*** Block opens ***

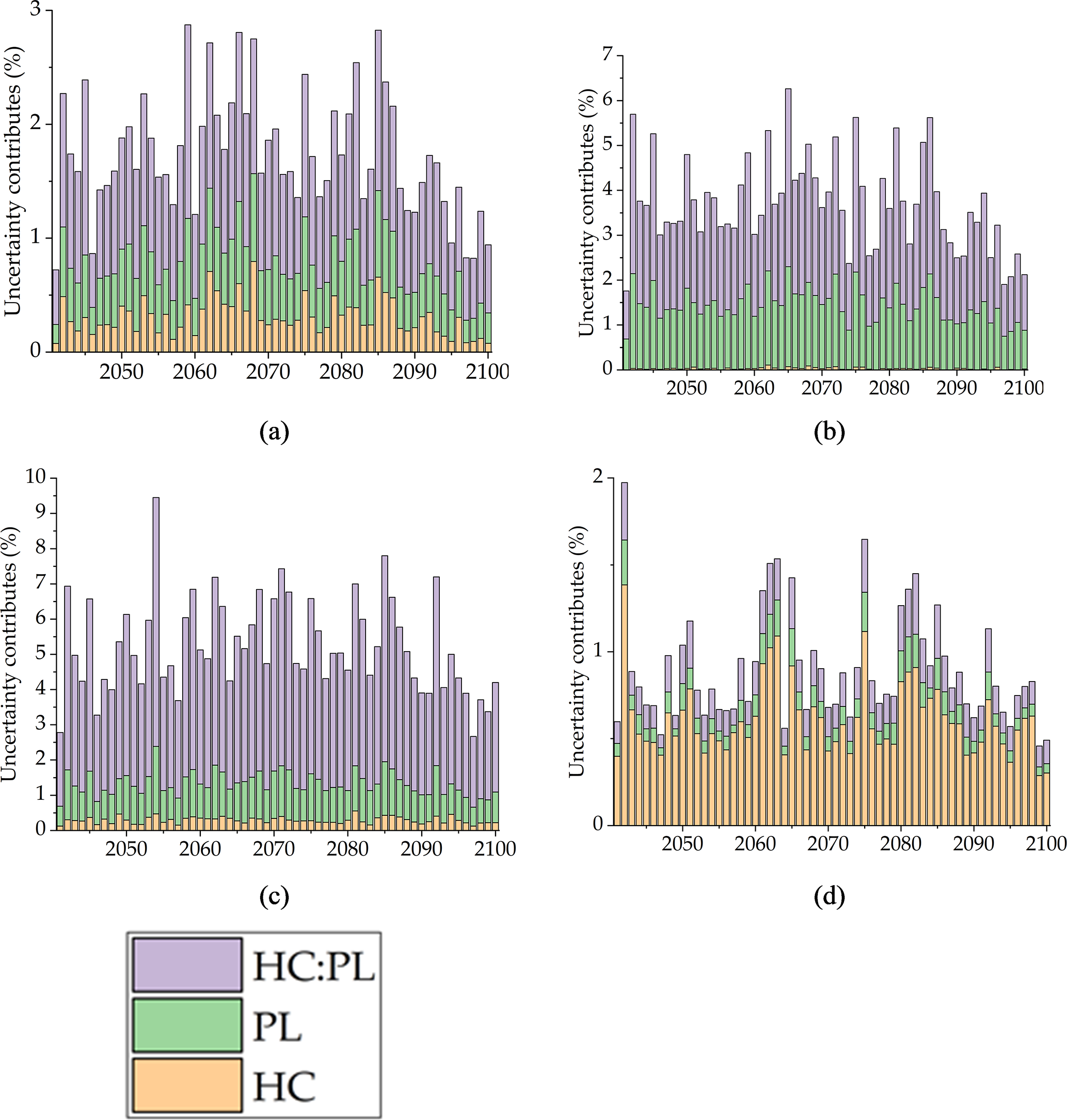 Figure 8Contribution of hydrological model parameters to the total uncertainty in the future 3 month SDI. (a) is AD, (b) is CJ, (c) is HCH, and (d) is SJ.
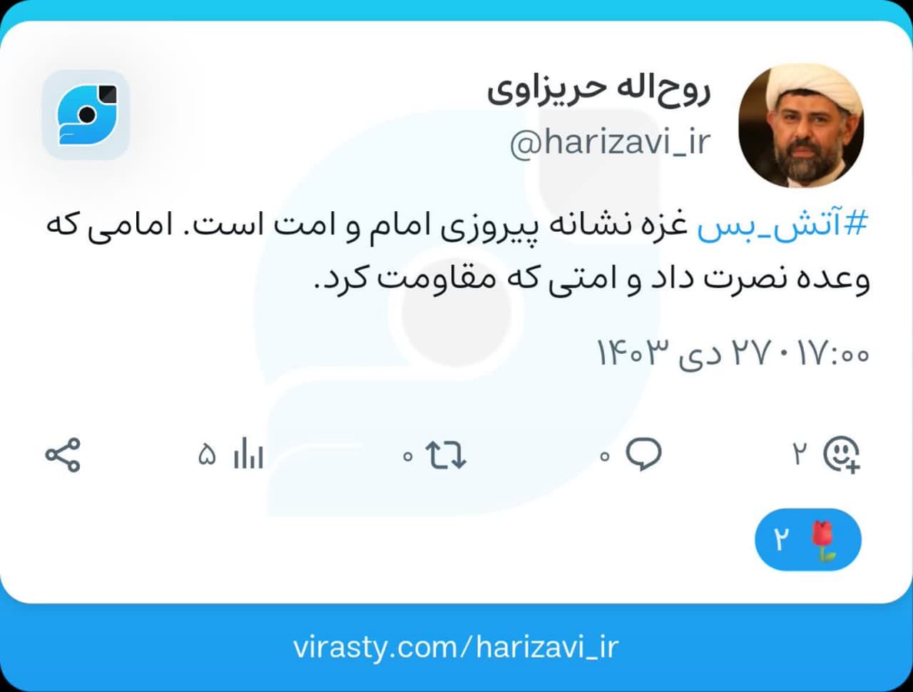 حجتالاسلام روحالله حریزاوی به مناسبت آتشبس در غزه در صفحه شخصی خود در شبکه ویراستی پستی را منتشر کرد.
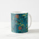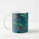 Las golondrinas oscuras se abalanzan sobre un fondo azul verde azulado con texturas, lleno de glicinas, flores rojas y doradas y otros elementos tradicionales japoneses en esta hermosa oda a un jardín japonés y diseño asiático.
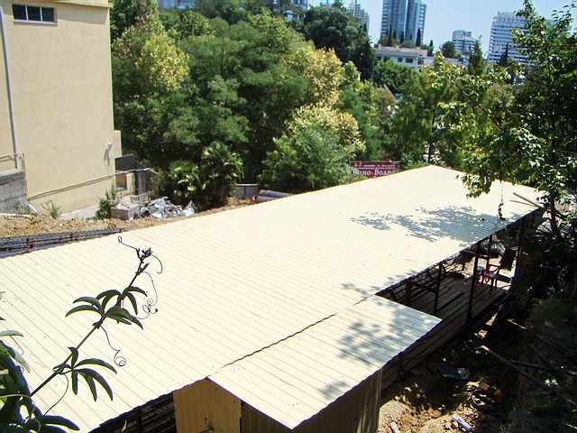 Судя по по построенному желтому объекту, с нависающими балконами над крышей похоже на то, что владельцы данного новостройки должны были до начала строительства отселить из барака проживающих там граждан и снести барак.

*** Block closes ***

**Exercise requirements:**
In the data above, retype only the stretch from the line with "حجتالاسلام روحالله حریزاوی" through the line with "Las golondrinas oscuras", word for word, and skip any pictures.

**Answer space:**
 حجتالاسلام روحالله حریزاوی به مناسبت آتشبس در غزه در صفحه شخصی خود در شبکه ویراستی پستی را منتشر کرد.
 Las golondrinas oscuras se abalanzan sobre un fondo azul verde azulado con texturas, lleno de glicinas, flores rojas y doradas y otros elementos tradicionales japoneses en esta hermosa oda a un jardín japonés y diseño asiático.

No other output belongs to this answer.